Thursday, May 5, 2011

HandyWrite - the Ultimate Shorthand System

It's time for an app that understands shorthand. It's time to bring shorthand back.

Check this out:

This guy designed what looks like a near-optimal shorthand system:

1. He started with Gregg shorthand. Note that just using Gregg letters alone you'll speed up your note-taking significantly. The downside is that the notes themselves are often abbreviations, so you have to transcribe soon after you've taken the notes or else it becomes a bit opaque.

2. He extended it to represent the full range of English pronunciation. Now you have 1:1 sound-correspondence to English. You can read back what you wrote years later. i.e. It's a full writing system.

3. He then added a symbology for just 100 of the most common English words. Not at all as extensive as classical shorthand, but all you need is to be able to record notes as fast as they're spoken.

Ok, the best thing about it in my opinion is that it honors and re-uses prior art in simply extending Gregg shorthand. That alone is worth something in my book -- and not just for sentimental reasons: Gregg is a thoughtful and elegant system.

I've jotted down the letter forms, and will be practicing them little by little as I have time. My goal is to be able to record meetings with it.

Actually, my real goal is to write an app that will let me take notes with it.


  1. Note that Handywrite only represents the full range of Standard US English pronunciation. There's at least on vowel sound missing for Standard UK English and more sounds missing for Standard Scottish English. E.g., the vowel sounds in "bot" and "father" are not distinguished in Handywrite. Basically it's missing the "o" sound in UK English. This can be fixed by assigning a leftwards oval (the reflection of that used for "aw") for the long a sound in father (for those who say it like that) and keeping the "o" symbol for "o".

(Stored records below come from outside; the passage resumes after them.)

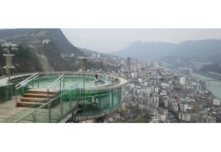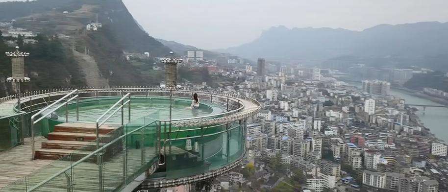 The most remarkable pool of Cliff Hot Spring is a special long-arm hanging glass transparent bath made of high-strength tempered glass. The mountain peak is 150 meters above the ground, the pool stretches 45 meters away from the cliff edge, the sidewalk is 4.5 meters, and the bathing area is 38 square meters.
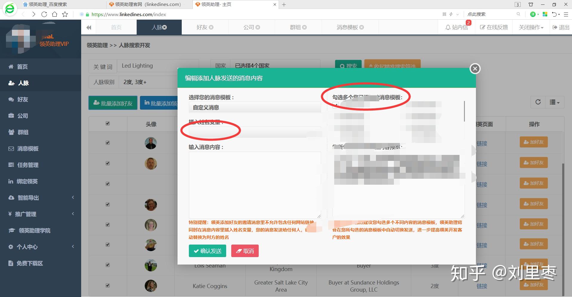 03. 借助上面所提到的领英助理来实现,在发送添加好友邀请消息里,设置插入对方的姓名变量,实现发给对方都是有非常礼貌的称呼。
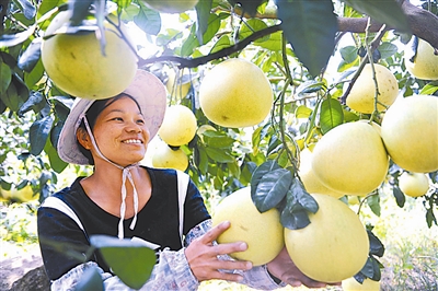 以花果著称的闽南侨乡福建省漳州市今年蜜柚又获丰收。近年来,当地农民大力发展蜜柚、香蕉、荔枝等特色农业,全市仅蜜柚种植面积就达60多万亩,年产量70多万吨,产品畅销全国各大城市并远销东盟国家,蜜柚生产已成为当地农民增收的重要途径。新华社记者 张国俊 摄
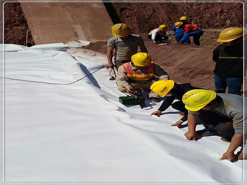 在此情況下,土工膜可能難以在砂墊層上維持穩(wěn)定,為此一些設(shè)計人員考慮采用放緩壩坡的方法。事實(shí)上,如果壩坡自身無穩(wěn)定問題,則可采取膠粘劑等措施增加土工膜與壩面墊層之間的黏結(jié)力即可。不同坡比的壩坡可選擇不同的固坡層和膠粘劑??砂慈缦路椒ㄟM(jìn)行設(shè)計施工: 先用碎石將上游壩坡找平,再用振動碾將壩坡碾壓密實(shí),然后澆筑6cm厚無砂混凝土; 在鋪設(shè)復(fù)合土工膜之前,刷乳化瀝青或熱瀝青,鋪膜后用輥筒輥壓或砂袋壓實(shí),使之牢固粘合。

    The missing consonant sounds in Standard Scottish English are covered by "Blends". There are many many missing vowel sounds from "Standard Scottish" (whatever that is), but none that prevent unambiguous writing.

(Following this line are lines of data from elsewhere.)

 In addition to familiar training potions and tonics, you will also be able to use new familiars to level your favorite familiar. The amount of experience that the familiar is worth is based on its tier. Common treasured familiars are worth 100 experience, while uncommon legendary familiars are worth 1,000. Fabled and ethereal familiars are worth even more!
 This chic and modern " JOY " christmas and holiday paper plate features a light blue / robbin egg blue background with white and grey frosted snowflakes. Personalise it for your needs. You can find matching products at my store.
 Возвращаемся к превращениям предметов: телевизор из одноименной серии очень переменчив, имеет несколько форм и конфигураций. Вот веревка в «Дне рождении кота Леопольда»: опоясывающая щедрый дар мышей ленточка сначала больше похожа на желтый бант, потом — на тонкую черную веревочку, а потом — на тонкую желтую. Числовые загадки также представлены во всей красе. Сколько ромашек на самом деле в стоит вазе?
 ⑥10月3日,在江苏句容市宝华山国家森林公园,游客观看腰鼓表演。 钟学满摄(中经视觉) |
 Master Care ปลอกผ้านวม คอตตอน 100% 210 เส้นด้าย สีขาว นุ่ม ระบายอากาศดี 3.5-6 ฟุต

    Even Scottish Gaelic can be covered with the addition of a blend for "gh", a double "l" for the the palatal L, and ticks inside the two ovals to assign "ao" and that nasal sound at the end of "donn" or the middle of "toimhseachd". Obviously you might also want to add accents for long vowels.

    Anyway, HandyWrite is very extensible, making it possible to represent other accents/languages, not just Standard US English. Love it!

    1. Hi Jimi,

      I'd really like to learn this, but the fact that it assumes an american accent makes it a non starter for me to understand what they mean by different vowel sounds (I'm British and no linguist). You seem to be the only person that has acknowledged this fact that I can find. I wonder if you would be able (and bothered!) to re-write the handywrite alphabet in UK english (with your "o" additions).


      Sorry if this reply has gone through twice, I didn't think it had worked the first time.

    2. I had the same problem when learning handywrite. I was missing an extra vowel sound "aw" sound in not and hot (IPA: /ɔ/ or Open-mid back rounded vowel).

      I just added a new symbol to represent that vowel sound. It's basically the "u" looking symbol (vowel sound is oo, like boot, or pool), but upside down.